Now we've converted our training and test sets into arrays. At this point, we can use Keras.

max_words = MAX_DOCUMENT_LENGTH
batch_size = 32
#An epoch is a full pass over your training data
#this one will pass over the training set 5 times
#In 32 batches
epochs = 5

Specify the target class, in this case the Amazon Review Scores:

#number of target classes
num_classes = np.max(y_train)+1
print(num_classes, 'classes')

print('Convert class vector to binary class matrix '
  '(for use with categorical_crossentropy)')
y_train = keras.utils.to_categorical(y_train, num_classes)
y_test = keras.utils.to_categorical(y_test, num_classes)
print('y_train shape:', y_train.shape)
print('y_test shape:', y_test.shape)

Build the model

print('Building model...')
model = Sequential()
model.add(Dense(512, input_shape=(max_words,)))
model.add(Activation('relu'))
model.add(Dropout(0.5))
model.add(Dense(num_classes))
model.add(Activation('softmax'))

This is a pretty simple model with one layer that accepts the inputs (max_words) and applies the 'relu' method for activation, then adds a dropout layer which mitigates overfitting, and then a third layer that applies the softmax regression. See: https://keras.io/getting-started/sequential-model-guide/

Next, the model needs to compiled using an optimizer, specifying the loss function which is what the model will try to minimize, and the metrics, here it's accuracy.

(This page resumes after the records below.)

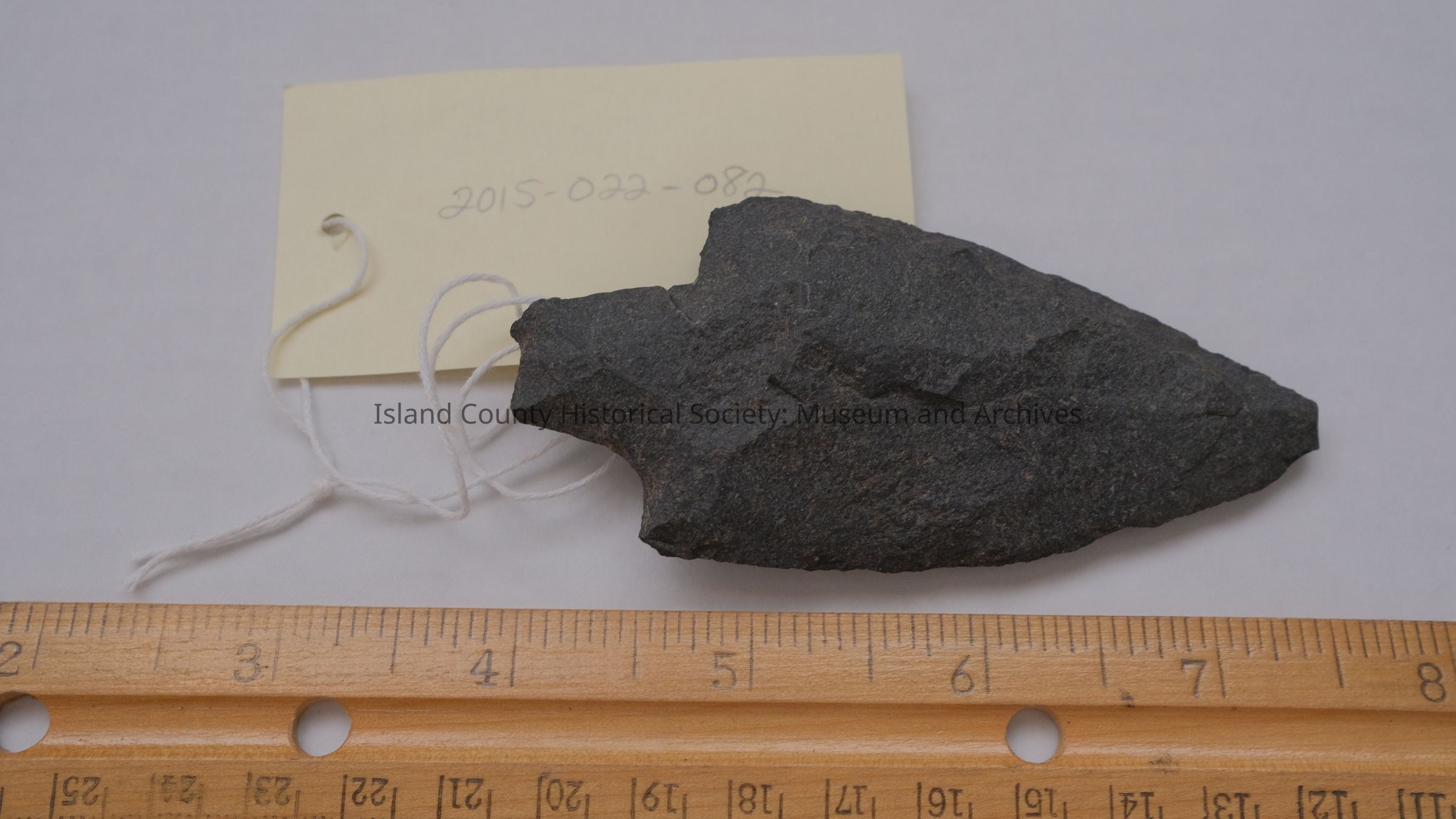 basalt projectile point. slightly contracting stem with straight base and triangular blade. not an even sided point as one notch is much more in set than the other.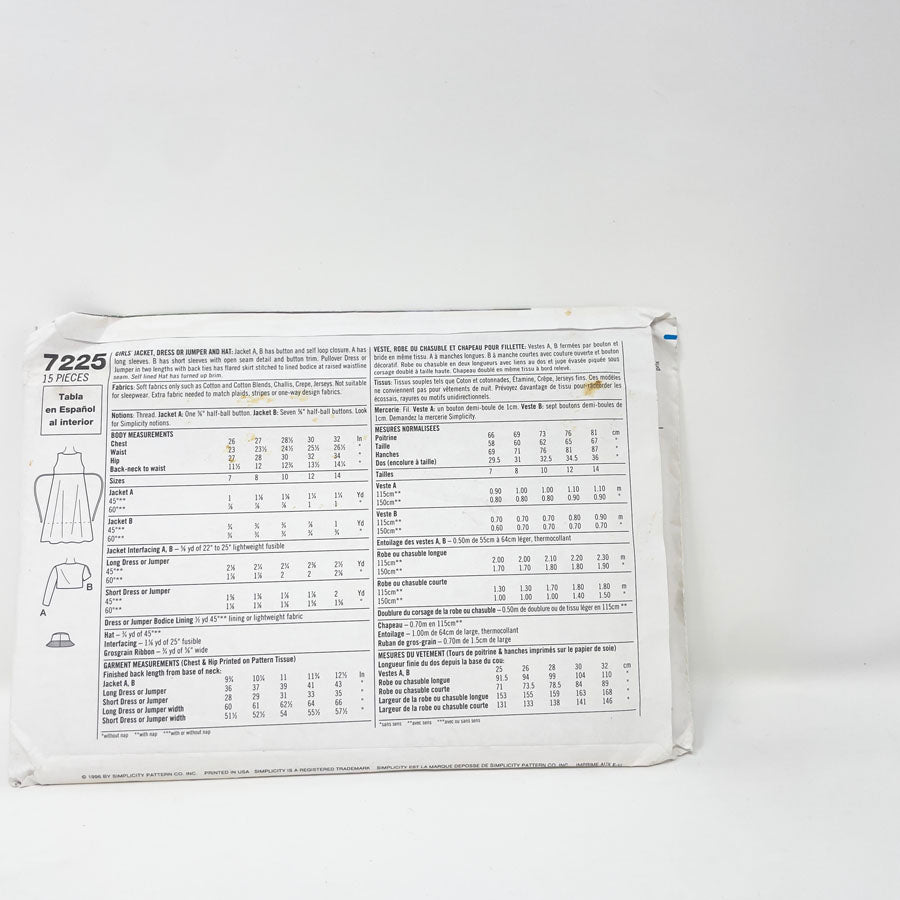 1996 Simplicity Sewing Patterns 7225 - Girls jacket Dres or Jumper and Hat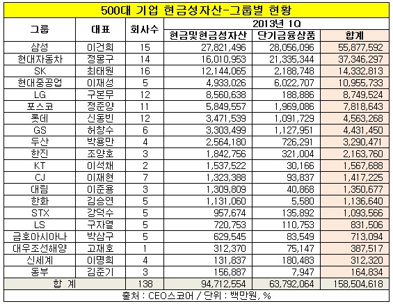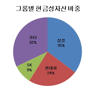 그룹별 현금사정에서는 재계 1위인 삼성그룹(회장 이건희)과 2위인 현대자동차그룹(회장 정몽구)가 압도적인 격차로 1, 2위를 차지했다.

model.compile(loss='categorical_crossentropy',
          optimizer='adam',
          metrics=['accuracy'])
print("--- %s seconds ---" % (time.time() - start_time))  

#timed it at around 8 minutes
history = model.fit(x_train, y_train,
                batch_size=batch_size,
                epochs=epochs,
                verbose=1,
                validation_split=0.1)
print("--- %s seconds ---" % (time.time() - start_time))  

At this point, the model is being fit and run on 5 epochs:
keras

score = model.evaluate(x_test, y_test,
                   batch_size=batch_size, verbose=1)
print("--- %s seconds ---" % (time.time() - start_time))  

print('Test score:', score[0])
print('Test accuracy:', score[1])

Here, we have Test accuracy: 0.638221143275, and can view the predicted classes and their probabilities:

model.predict_classes(x_test, batch_size=batch_size, verbose=1)
model.predict_proba(x_test, batch_size=batch_size, verbose=1)

  array([[ 0.,  0.,  0.,  0.,  0.,  1.],
   [ 0.,  0.,  0.,  0.,  0.,  1.],
   [ 0.,  0.,  0.,  0.,  0.,  1.],
   ..., 
   [ 0.,  0.,  0.,  0.,  0.,  1.],
   [ 0.,  0.,  0.,  0.,  0.,  1.],
   [ 0.,  0.,  0.,  0.,  0.,  1.]], dtype=float32)

Well, this isn't a very good accuracy. Probably a result of my first step in learning keras and deep learning. I think as a next step is to add an "Embedding" layer per some previous tutorials I've read regarding text, and spending greater time on the layers. Welcome any thoughts and feedback!